Recently, exhaustion ties me into bed each morning even after Mom rings. As a matter of fact, I don’t even hear the little bell at all. Even once I pull myself out of slumber, my body aches won’t let me do much more than lie on my back and test my muscles. The process involves wiggling my toes and rotating my ankles. If pain doesn’t accompany these tests, I move up to my legs, anticipating the bone deep tenderness. On good days, I progress to my arms and hands, checking them for tingling and discomfort. By this time, I move to the edge of the bed to put weight on my feet. If the floor feels like gravel, I hobble into the other room with determination. Usually by the time I reach the family room, the floor evens out.
I haven’t made a doctor’s appointment to begin the process of discovering the reason for my morning soreness. Right now, it presents a little inconvenience in the mornings and dissipates like a mist once I force myself into motion. My sister suffers with Fibromyalgia, and she suspects I have the same problem. If the symptoms persist, I suppose I’ll have to try for a diagnosis. As I spend quite a bit of time taking my mother to her various doctors, I dread having to spend any additional time in waiting rooms!

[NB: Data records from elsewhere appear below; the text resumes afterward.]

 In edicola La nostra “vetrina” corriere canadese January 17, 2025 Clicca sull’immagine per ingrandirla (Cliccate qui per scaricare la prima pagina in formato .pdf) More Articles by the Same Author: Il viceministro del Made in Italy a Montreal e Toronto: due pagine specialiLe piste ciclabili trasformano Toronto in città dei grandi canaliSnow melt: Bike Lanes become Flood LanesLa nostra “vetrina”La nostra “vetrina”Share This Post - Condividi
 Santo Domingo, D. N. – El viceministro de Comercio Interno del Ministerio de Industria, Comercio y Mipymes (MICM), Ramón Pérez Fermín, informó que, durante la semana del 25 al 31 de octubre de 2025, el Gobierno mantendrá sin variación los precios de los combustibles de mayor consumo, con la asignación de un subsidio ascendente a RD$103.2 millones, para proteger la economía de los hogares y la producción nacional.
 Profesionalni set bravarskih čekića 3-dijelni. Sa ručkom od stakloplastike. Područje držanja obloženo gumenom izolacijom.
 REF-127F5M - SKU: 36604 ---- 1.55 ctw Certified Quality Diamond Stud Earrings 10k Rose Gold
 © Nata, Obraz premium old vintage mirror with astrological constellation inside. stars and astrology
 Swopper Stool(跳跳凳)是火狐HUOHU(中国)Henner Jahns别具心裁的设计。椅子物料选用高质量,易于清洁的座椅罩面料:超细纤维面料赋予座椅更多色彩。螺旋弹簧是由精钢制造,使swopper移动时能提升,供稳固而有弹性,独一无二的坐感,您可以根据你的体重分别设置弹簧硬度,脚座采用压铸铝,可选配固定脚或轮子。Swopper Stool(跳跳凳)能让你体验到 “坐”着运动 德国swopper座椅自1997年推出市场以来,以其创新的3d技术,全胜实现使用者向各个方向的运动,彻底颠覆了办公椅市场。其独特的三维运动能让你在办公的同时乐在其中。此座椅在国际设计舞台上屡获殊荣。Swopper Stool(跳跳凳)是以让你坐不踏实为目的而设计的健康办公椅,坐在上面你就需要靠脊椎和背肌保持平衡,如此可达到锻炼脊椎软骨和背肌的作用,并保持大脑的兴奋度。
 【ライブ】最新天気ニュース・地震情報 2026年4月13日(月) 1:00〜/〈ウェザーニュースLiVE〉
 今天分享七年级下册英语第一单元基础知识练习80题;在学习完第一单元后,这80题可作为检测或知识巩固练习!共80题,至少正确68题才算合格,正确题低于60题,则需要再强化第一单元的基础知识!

Always, in the back of my mind, runs the worry that any changes I note in my body or mind may signal the first symptoms of Huntington’s Disease. I can have genetic tests done, but I decided there’s more hope in not knowing. Without testing, I have a 50% chance of being HD free. With testing, I could learn that the CAG repeats skipped me—that I’m definitely free of HD. Wonderful news, of course. The flip side of the genetic testing would be that I do carry the disease. At this point in my life, I don’t want that particular 100% certainty. Being an optimist, I tend to amble through my days with the belief that I don’t carry the disease. In my case, ignorance is bliss!
People who know me well probably find my decision not to run the genetic tests puzzling. The motto “Hope for the best, but prepare for the worst” has guided many of my life decisions in the past. By clinging to the hope of being HD free, my behavior may not reflect preparing for the worst. However, I took out long term care insurance before I turned fifty, locking in at a pretty decent rate. I can, with a clear conscience, put on any insurance applications that I am disease free since I show no symptoms. My siblings have elected to take a wait-and-see approach as well. Maybe we dance with denial, but as long as each of us remains symptom free, this seems the best approach. We focus on the challenges that Mom faces and set aside the possibility of dealing with HD within our own generation.